The World Health Organization, through its headquarters, regional and country offices, provides the overall technical direction and strategic planning for the management and coordination of the GPEI. WHO is responsible for ensuring all components of the eradication strategies are well implemented, and has a key role in monitoring and evaluation of all aspects of the programme. WHO also coordinates research, provides operational support to ministries of health, and the training/deployment of human resources. In addition, WHO has a lead role in establishing certification standard acute flaccid paralysis (AFP) surveillance (including the laboratory network), resource mobilization, donor coordination, advocacy and communication of information.
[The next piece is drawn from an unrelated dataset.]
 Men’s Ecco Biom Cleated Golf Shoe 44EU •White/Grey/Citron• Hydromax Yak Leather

Pakistan’s polio eradication programme started in 1994. Since then, thanks to high-impact immunization campaigns, annual polio caseload was reduced from 20 000 cases in the early 1990s to just 12 in 2018. Despite the current challenges, the Pakistan Polio Eradication Programme is a solid and mature programme led by a network of Emergency Operations Centres (EOCs) at national and provincial levels, where all partners work as “one team under one roof” under the leadership of the Government of Pakistan. The scale of the programme is unprecedented: during National Immunization Days (NIDs), a workforce of more than 260 000 frontline workers go house to house to vaccinate more than 39 million children under the age of five.
What is a Theoretical-Licensing Challenge?
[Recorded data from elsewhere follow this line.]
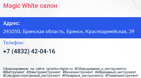 Magic White, салон по адресу 241050, Брянская область, Брянск, Красноармейская, 39 в дальнейшем Организация, размещена в следующих категориях: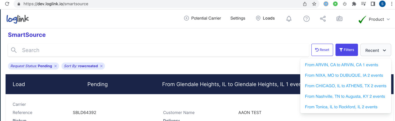 Dropdown near filter option on SmartSource and opsview pages will allow the user to quickly navigate to recent loads. Dropdown shows the most recent 5 loads that the user worked with.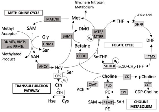One carbon metabolism metabolic pathways []. Folate cycle metabolites and enzymes: 5,10-CH2-THF, 5,10-methylenetetrahydrofolate; 5mTHF, 5-methyl-tetrahydrofolate; DHF, dihydrofolate; DHFR, dihydrofolate reductase; MTHFR, 5,10-methylenetetrahydrofolate reductase; TYMS, thymidylate synthase. Methionine cycle metabolites and enzymes: DMG, dimethylglycine; Hcy, homocysteine; Met, methionine; SAH, S-adenosylhomocysteine; SAM, S-adenosylmethionine; Sar, sarcosine; Gly, glycine; AHCY, S-adenosyl-L-homocysteine hydrolase; BHMT, betaine-homocysteine S-methyltransferase; CHDH, choline dehydrogenase; GNMT, glycine N-methyltransferase; MATI/III, methionine adenosyltransferase; MTR, methionine synthase; MTRR, methionine synthase reductase; DNMTs, de novo and maintenance DNA methyltransferases; HMT, histone methyltransferase; PRMT, protein arginine methyltransferase. Transsulfuration pathway metabolites and enzymes: Cth, cystathionine; Cys, cysteine; Hse, homoserine; CBS, cystathionine β-synthase; CTH, cystathionine γ-lyase; Ser, serine. Choline metabolites and enzymes: CDP–choline, cytidine diphosphate-choline; PC, phosphatidylcholine; pCholine, phosphocholine; PE, phosphatidylethanolamine; ACh, acetylocholine; CCT, CTP:phosphocholine cytidylyltransferase; ChAT, choline acetyltransferase; CK, choline kinase; CPT, cholinephosphotransferase; PLD, phospholipase D; PEMT, phosphatidylethanolamine N-methyltransferase. Coenzymes: vitamin B2, B6 and B12.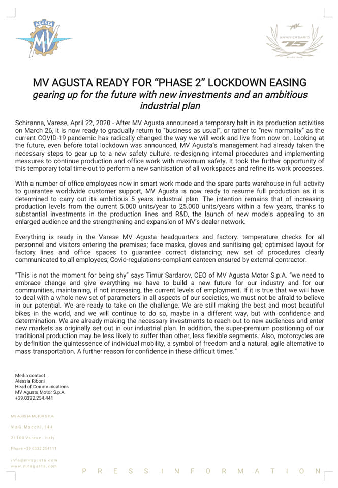“It is now almost 4 weeks since the factory doors closed due to the current pandemic, and we wanted to provide you with an update to the information posted at that time.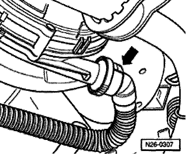 - Disconnect pressure hose (arrow) at Secondary Air Injection (AIR) pump motor and blow air in with light pressure. Combination valve must close.

An InnoCentive Theoretical Challenge builds upon an idea but is not yet a proof of concept. A solution to a Theoretical Challenge will solidify the Solver's concept with detailed descriptions, specifications and requirements necessary to bringing a good idea closer to becoming an actual product or service.
This Challenge is a Theoretical-Licensing Challenge, meaning that the Seeker is requesting non-exclusive rights to use the winning solution. By contrast, Theoretical-IP Transfer means that Solvers must relinquish all rights to the Intellectual Property (IP) for which they are awarded. For these forms of a Theoretical Challenge, Solvers that do not win retain the rights to their solution after the evaluation period is complete. The Seeker retains no rights to any IP not awarded.